We have a table called Student
. That table has a field called Homeroom
, where the value is a room number of the student's homeroom. The value can be null.
We have a second table called Staff
. That table also has a field called Homeroom
to indicate which homeroom the teacher is assigned to. The value can be null.
But when the student's Homeroom
is null, a Staff
record should not be returned.
We used to take advantage of the fact that checking two null fields for equality always returns false in SQL. Through SQL, this is how we would get the data we want:
SELECT STUDENT.ID, STAFF.NAME as [Homeroom Teacher]
FROM STUDENT
LEFT OUTER JOIN STAFF ON
STAFF.BUILDING = STUDENT.BUILDING AND
STAFF.HOMEROOM = STUDENT.HOMEROOM
Student would be returned, but no teacher.
We are using Entity Framework with Code First POCO objects. So, we have a Student object and a Staff object. When we recreate this SQL in LINQ:
from student in repo.GetStudents()
join homeroomTeacher in repo.GetStaff()
new { student.Building, Room = student.Homeroom }
equals new { homeroomTeacher.Building, Room = homeroomTeacher.Homeroom }
into roj2
from homeroomTeacherRoj in roj2.DefaultIfEmpty()

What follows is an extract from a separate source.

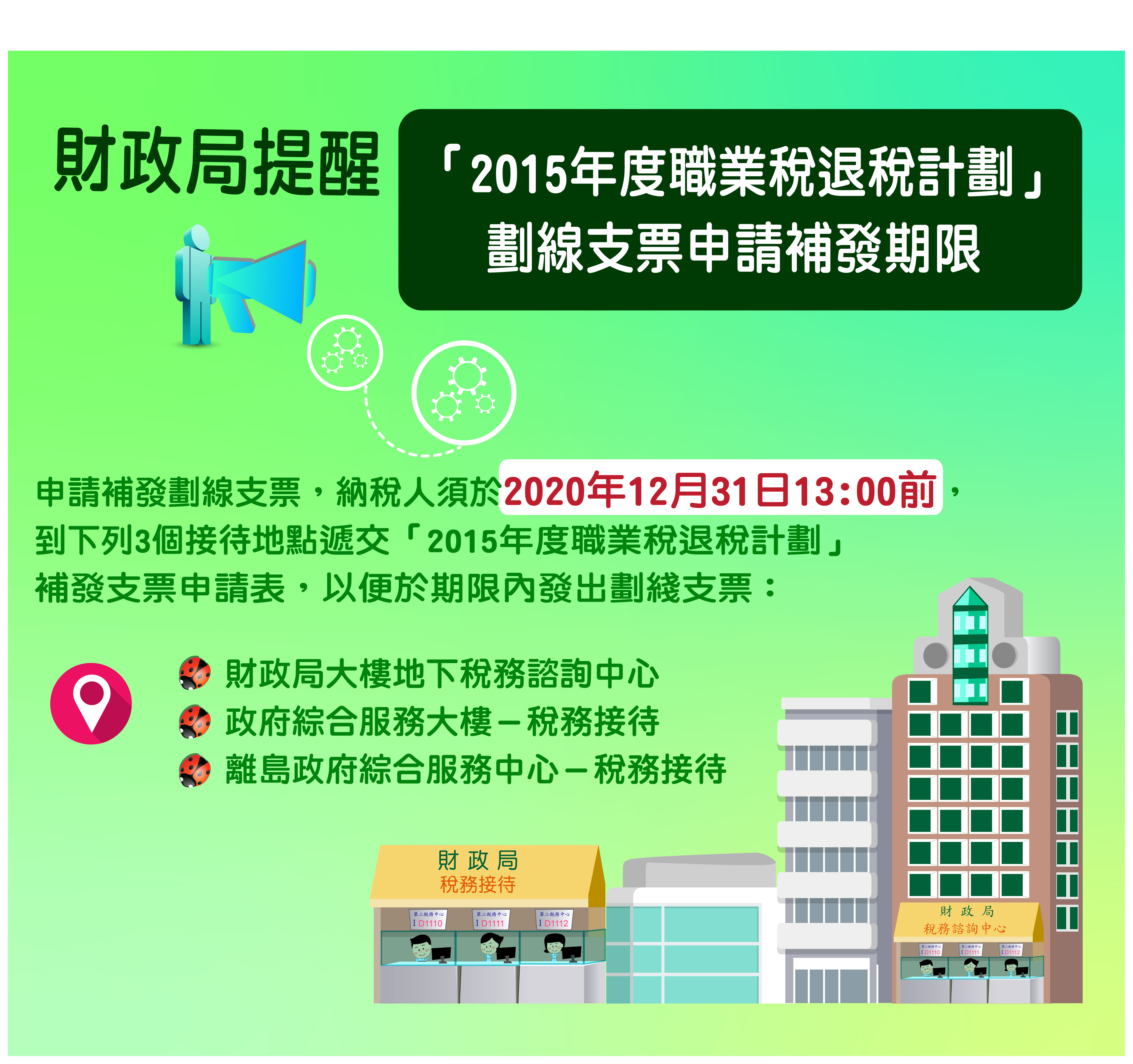補發該年度劃線支票,納稅人須於2020年12月31日13:00前,到下列三個接待地點,包括:(1)財政局大樓地下稅務諮詢中心、(2)政府綜合服務大樓-稅務接待、(3)離島政府綜合服務中心-稅務接待,遞交「2015年度職業稅退稅計劃」補發支票申請表,以便能於期限內發出劃線支票。

select student.Id, homeroomTeacherRoj.Name;
The SQL generated contains a NULL check on both Homeroom fields:
SELECT STUDENT.ID, STAFF.NAME
FROM STUDENT AS [Extent1]
LEFT OUTER JOIN [dbo].[STAFF] AS [Extent2] ON
([Extent1].[BUILDING] = [Extent2].[BUILDING]) AND
(
([Extent1].[HOMEROOM] = [Extent2].[HOMEROOM]) OR
(([Extent1].[HOMEROOM] IS NULL) AND ([Extent2].[HOMEROOM] IS NULL))
)
This will return the student, and any staff who does not have a homeroom defined. That's not what we wanted or expected based on how we previously wrote our SQL statements.

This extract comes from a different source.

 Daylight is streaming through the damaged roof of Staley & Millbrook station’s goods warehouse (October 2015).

An obvious way around it is to make sure we don't include staff that do not have a homeroom (join homeroomTeacher in repo.GetStaff().Where(staff => staff.Homeroom != null)

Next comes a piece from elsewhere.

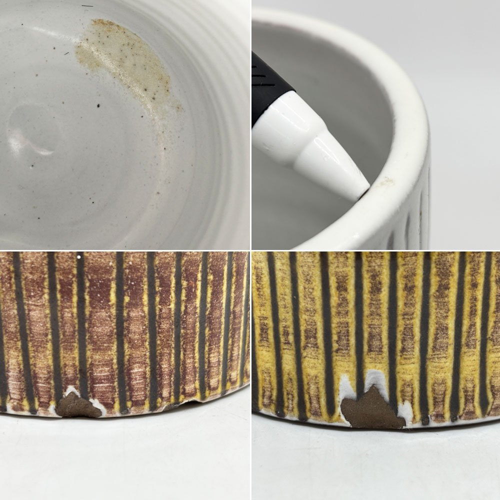 こちらはビンテージのお品物になります。経年により数箇所欠けが見られ、底面に取り切れない汚れ等がございますが、ご使用に問題となる大きなダメージはございません。

. But is there another way in the LINQ to prevent null checks on fields when joining them?
if you move your join into a where clause, then the following setting on the DbContext object will turn off the (EF 6 introduced) NULL checking behaviour:
Context.Configuration.UseDatabaseNullSemantics = true;
So, to "Join" in a where clause, you can split out the query into 2 IQueryable objects
var subquery = from homeroomTeacher in repo.GetStaff()
where ...
select homeroomTeacher;
var query = from student in repo.GetStudents()
where subquery.Any(homeroomTeacher =>
homeroomTeacher.xxx == student.xxx) -- simplified join for demo code
select student;
fyi, the UseDatabaseNullSemantics was introduced to fix-up this behaviour but it looks like they forgot the JOIN semantics and only applied it to the WHERE semantics.
This original statement was wrong - EF 4.3.1 exhibited the same JOIN behaviour:
This essentially means some result sets are now different for EF 6, compared to previous versions. This, in my mind, IS A BIG DEAL !!!! as it introduced bugs into my working solutions !!!!